Goodbye, oh sun, sleep well in the vale,
While nights silver-winged dancers fall with the hail,
Close you eyes now, child of the light,
And sleep through another star-blessed night.

Als die letzten Worte verklungen waren, wagte sie es noch ein paar Atemzüge, die Augen fest zusammengepresst zu halten. Sie fühlte sich fast, wie damals, als ihre größten Sorgen noch die Essensrationen des braunen Bezirks und die nervigen Mädchen waren, mit denen sich ihr Bruder traf. Als wäre es einer dieser Morgen, an denen der Teekessel gleich beginnen würde, zu pfeifen. Gleich würde sie die Schritte ihres Vaters auf der Treppe hören, das Klappern von zwei Tassen auf den Esstisch. Ein leises, kurzes Gespräch mit ihrer Mutter, das trotz allem zärtlich klang. Dann würden sie die Tassen in die Spüle stellen, ganz leise, damit Cress und legte sich wieder Stille über die beiden, den gelben Tänzer, der eigentlich ein Spion der unteren Stadt war, und die farblose Diebin, die vor Angst um den blauen Kronprinzen halb wahnsinnig war.

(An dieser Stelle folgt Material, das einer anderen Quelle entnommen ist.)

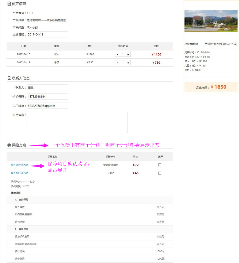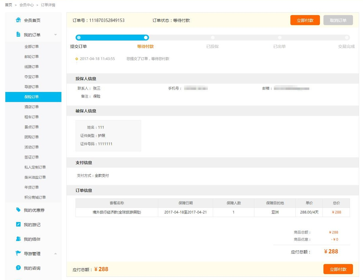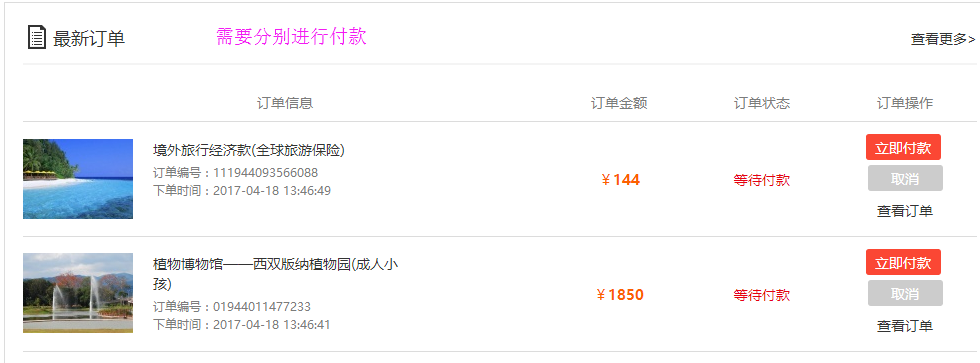 PS:線路預(yù)訂了保險(xiǎn)后,會(huì)生成兩個(gè)訂單,保險(xiǎn)訂單和線路訂單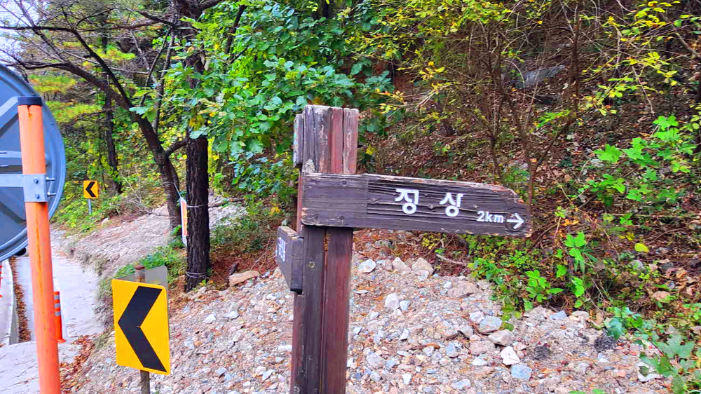 바로넘어가면는 윗이동굴 1km 우측으로는 정상 올라가는길이다.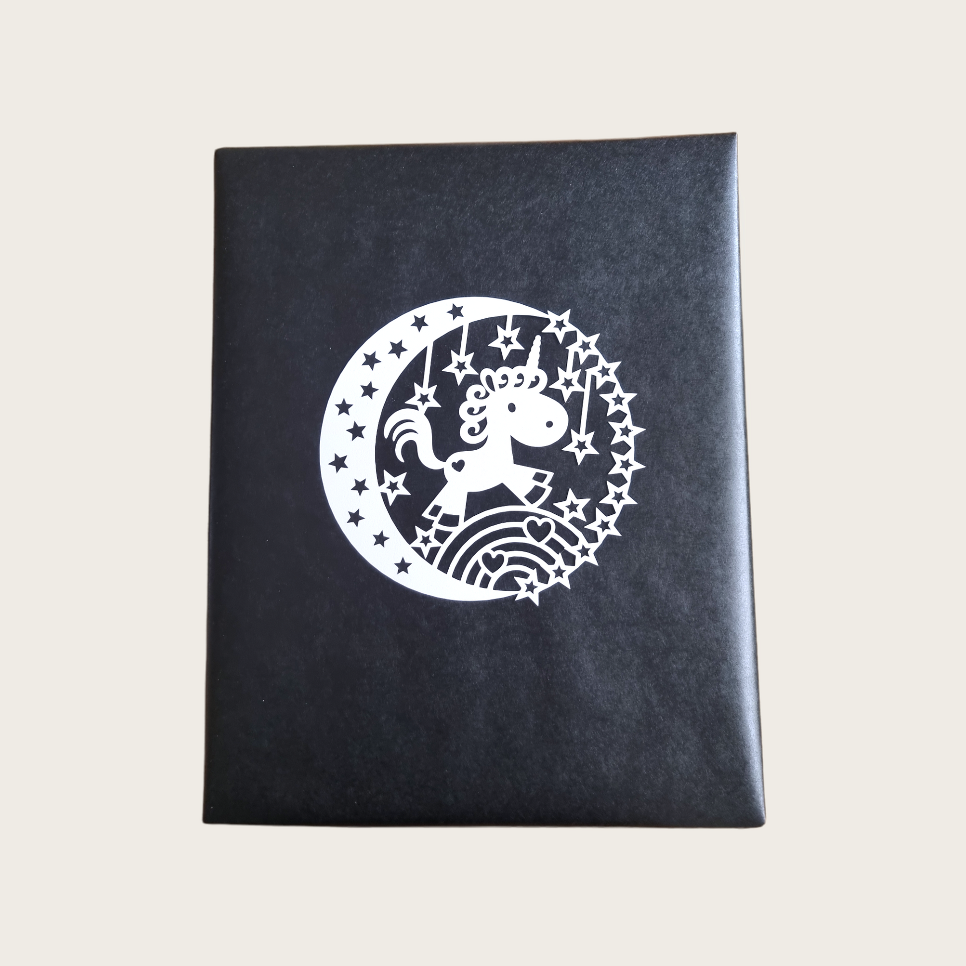 Enhörning utskuren ur kartong. Fin att dekorera kort, presenter eller varför inte göra en tavla till barnrummet.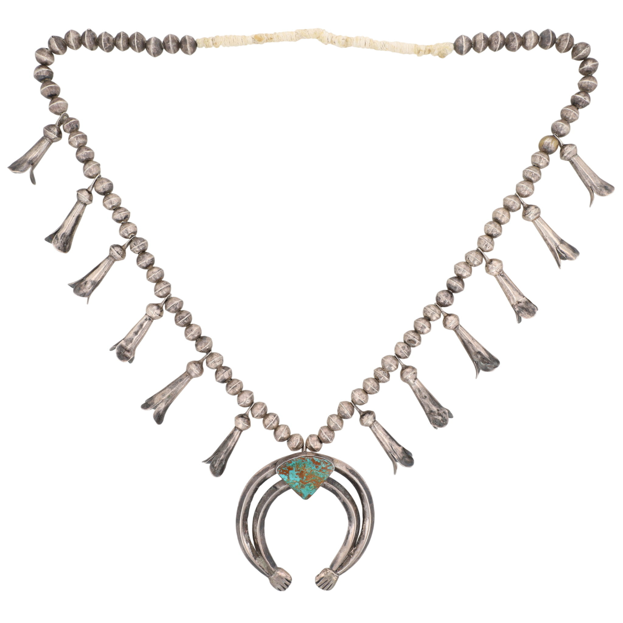 Vintage, Old Navajo Sterling Turquoise Squash Blossom Necklace – 83g – approx. 26″ from end to end – Note: Necklace is strung on twine/string, nice movement, beautiful chocolate brown matrix in the turquoise.

„Komm, es wird bald morgen", sagte Walsh nach einer Zeitspanne, die Sekunden oder Jahre gedauert haben konnte, „Er wird es leichter ertragen können, wenn er weiß, dass du ihn nicht verlassen hast."

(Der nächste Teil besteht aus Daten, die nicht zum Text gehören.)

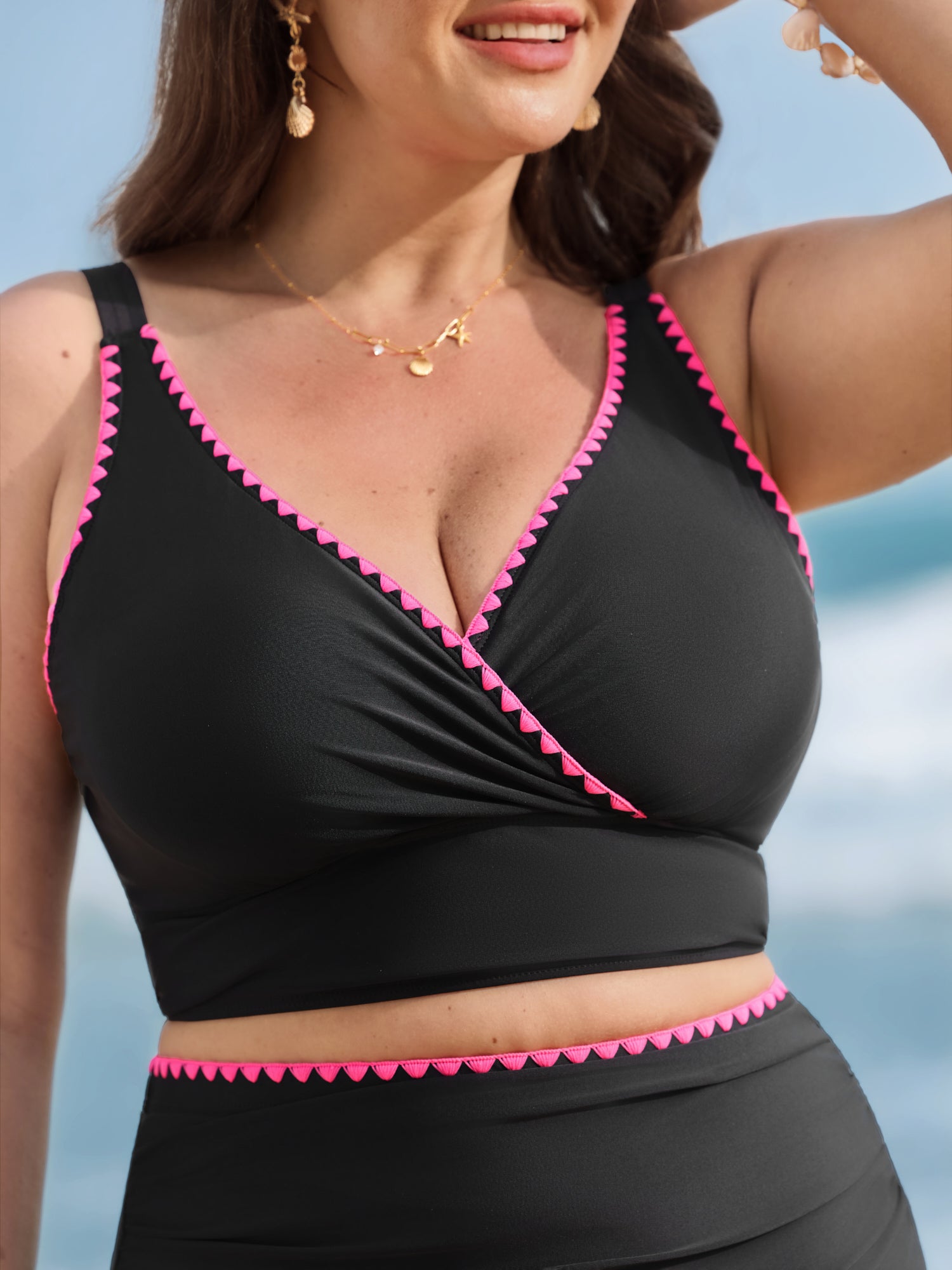 Shop Color Contrast Embroidered Swim Top now and redefine your style with confidence at BloomChic. Tailored for mid and plus-size women. This trendy Swimwear Women, sizes 10-30. Color:Black;Style:Resort;Coverage:Full;Prints:Non;Details:Embroidered, Contrast;Pocket:No-pocket;Belt:No-belt;Chest pad:Removable Padding;Structural function:Adaptive-Fit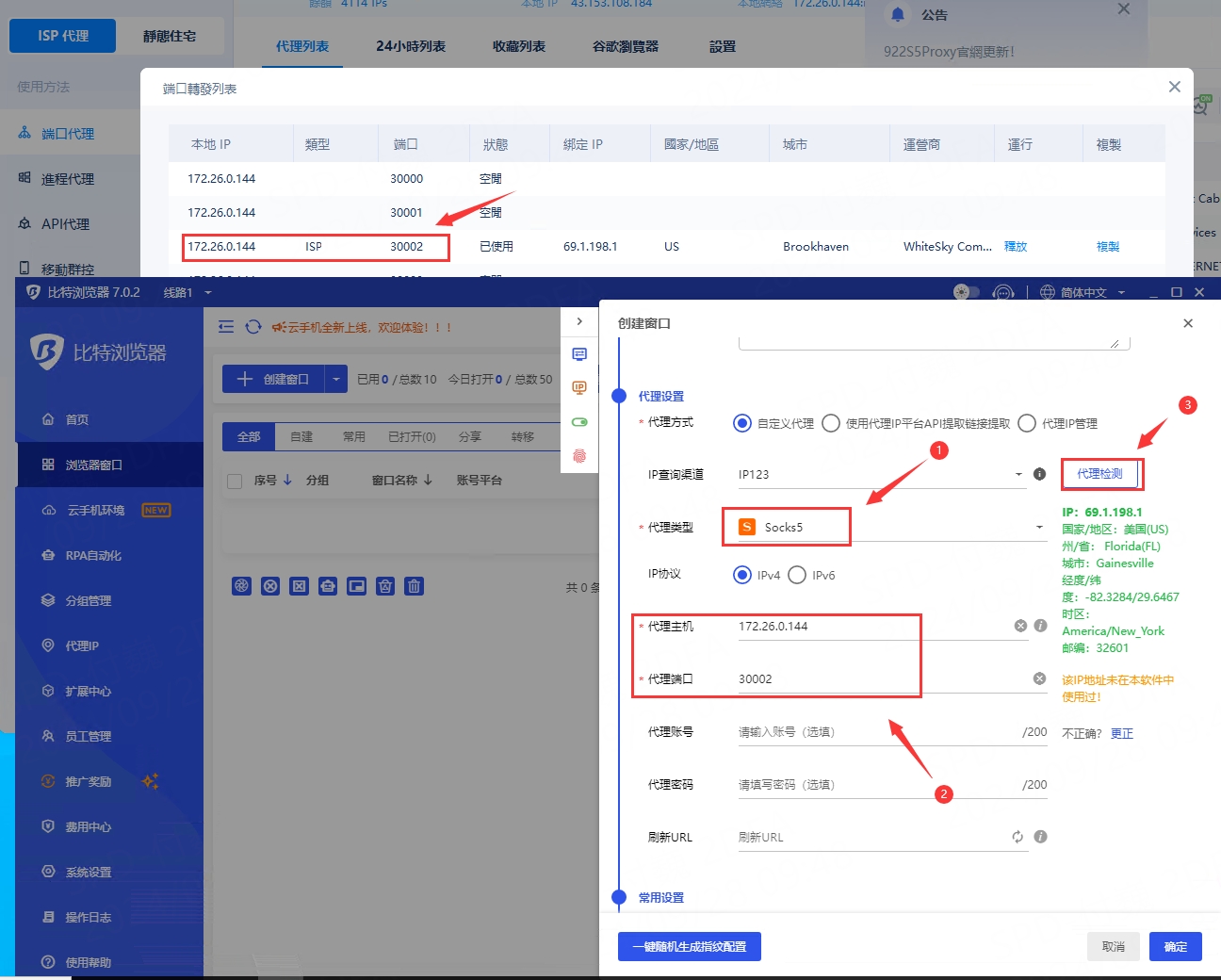 3.將複製的 922proxy "IP 位址" 粘貼到 BitBrowser 的 "代理主機“”代理端口“ 中。

Sie bewegte sich zuerst nicht, ausgelaugt von zwei Schlägereien in den letzten vierundzwanzig Stunden, dem Schreien, dem Weinen und all den Lügen. Aber dann, langsam, als würde man sie zum ersten Mal zum Leben erwecken, stützte sich Cress auf.

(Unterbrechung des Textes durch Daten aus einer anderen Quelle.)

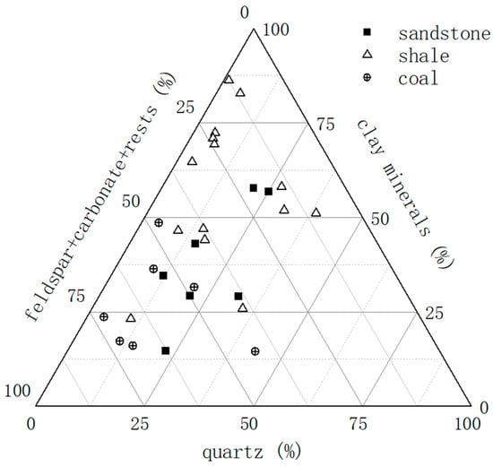 The mineral composition results of the study area measured by the XRD experiment are shown in Figure 3. The sandstone in the study area has a quartz content ranging from 11.9% to 31.9%, with an average of 21.1%. The clay mineral content ranges from 14.8% to 57.9%, with an average of 38.0%. The clay minerals herein mainly include kaolinite, illite, montmorillonite, chlorite, and an illite–montmorillonite interlayer. The combined content of feldspar, carbonate, and other minerals ranges from 18.2% to 62.8%, with an average of 40.9%. The other minerals include limited siderite and pyrite. The quartz content in the mudstone ranges from 1.2% to 38.8%, with an average of 15.0%. The clay mineral content ranges from 23.2% to 86.3%, with an average of 56.7%. The combined content of feldspar, carbonate, and other minerals ranges from 10.1% to 66.5%, with an average of 28.2%. The quartz content in the coal seams ranges from 3.9% to 43.1%, with an average of 15.1%. The clay mineral content ranges from 16.1% to 48.6%, with an average of 26.9%. The combined content of feldspar, carbonate, and other minerals ranges from 42.3% to 72.4%, with an average of 58.0%.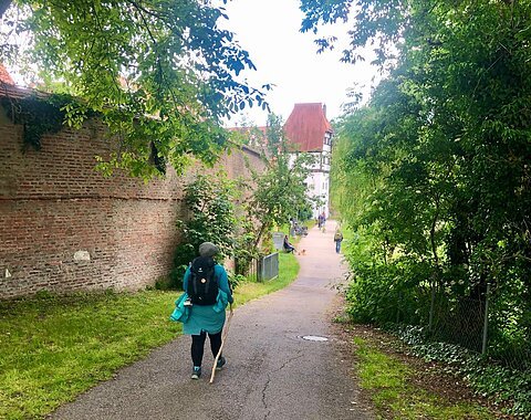 Die Routen von Köln und Fulda kommen bei Donauwörth zusammen, dort führen die Wege über die Friedensbrücke und verlaufen gemeinsam im Nahbereich der Donau über Regensburg bis Passau.

„Du siehst schrecklich aus, Zuckerpuppe", stellte Walsh ohne auch nur einen Hauch von Hohn in der Stimme fest. Sie wischte sich über die Wangen, bevor er ihr ein Taschentuch reichte.

„Danke."

Sie schnäuzte sich unfein in sein Taschentuch, was ihn normalerweise an die Decke springen gelassen hätte, aber wenn überhaupt wurde sein Stirnrunzeln och ein wenig düsterer. Aufmunternd tätschelte er ihren Oberschenkel.